They show almost no NG verdicts, yet the stories from aviation lawyers suggest that many cases are lost, or withdrawn on the steps of the Court. So I kind of expect the CAA to rigorously list only those which they win, but that is evidently not quite the case. Are they really so slick, with NG plea defendants, in bringing to Court only those where a convinction is virtually certain?

One remarkable feature of the last list is the # of CAS bust prosecutions. This is a new thing; previous lists did not show much in this caregory and mostly only big media profile TRA busts were prosecuted. I wonder how, out of the hundreds of major-league CAS busts each year, they choose who to go after? They were all G pleas so could not have been cases of "poor attitude", unless the poor attitude was only at the initial "interview".

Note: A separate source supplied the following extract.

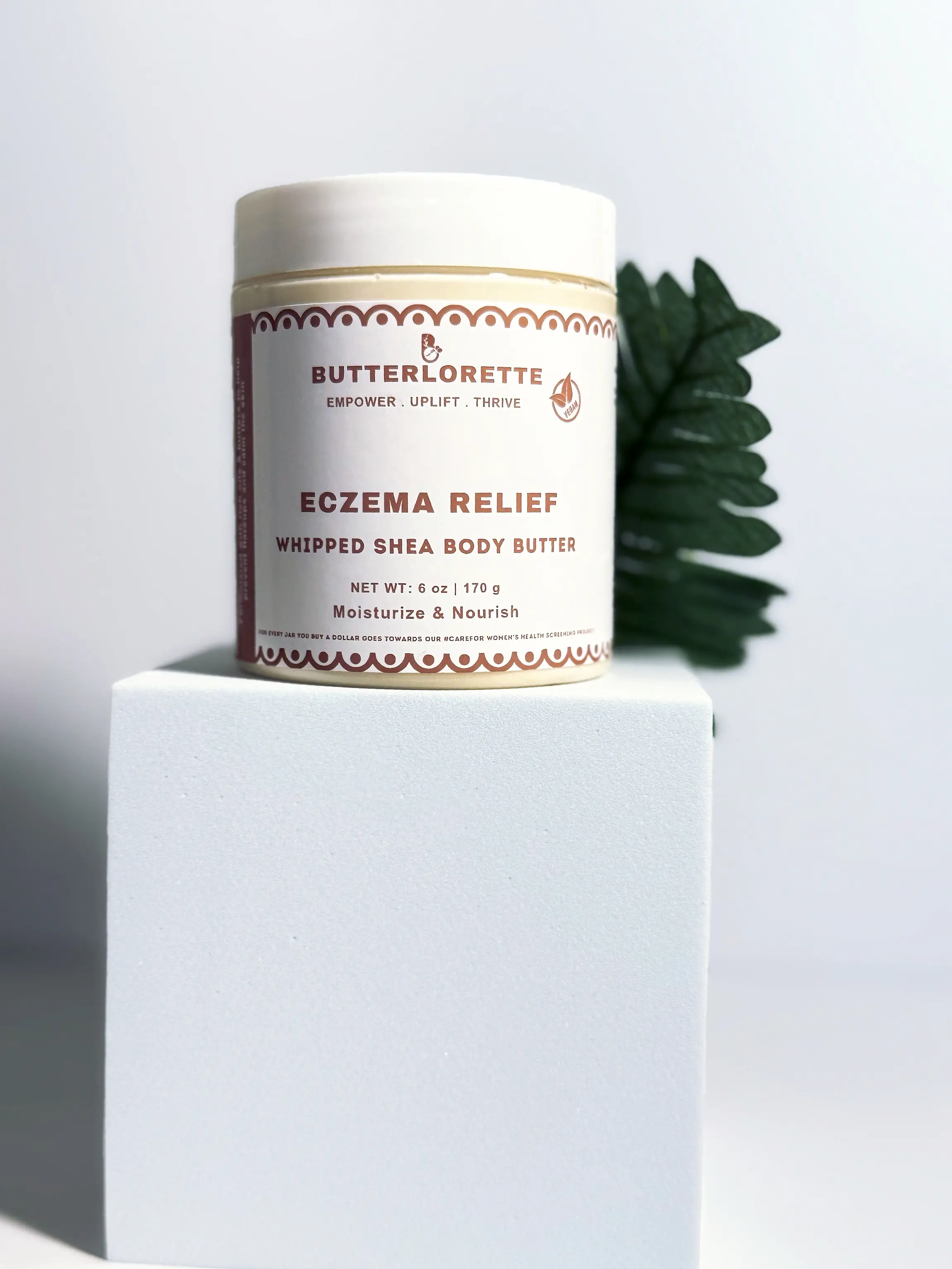 • How to Use - Apply a small amount of our Eczema Relief Body Butter to clean, damp skin, focusing on areas prone to dryness or irritation. Gently massage until fully absorbed. Use daily, especially after bathing, for best results. For intensive relief, apply a thicker layer to affected areas before bed and allow it to work overnight.

The false logbook case is interesting IF the £10,000 fine is not a misprint. I wonder what he was doing. My guess (not being a lawyer) is that he lied his way into some nice position (737 RHS job perhaps??) by forging his logbook; merely writing up loads of nonexistent flights into one's private flying logbook should not interest the CAA all that much... The 1500hr ATPL requirement is an absolutely totally ripe area for logbook forgery because those hours can be built up flying almost anything anywhere that is bigger than a kite, and a lot of them will be all but impossible to verify years later. I used to have a BCPL instructor who claimed to have an ATPL but he never got anywhere with it - assuming it existed as a real document which I doubt.

The head of prosecutions at the CAA is Ian Weston; I guess one could write to him for an explanation of something?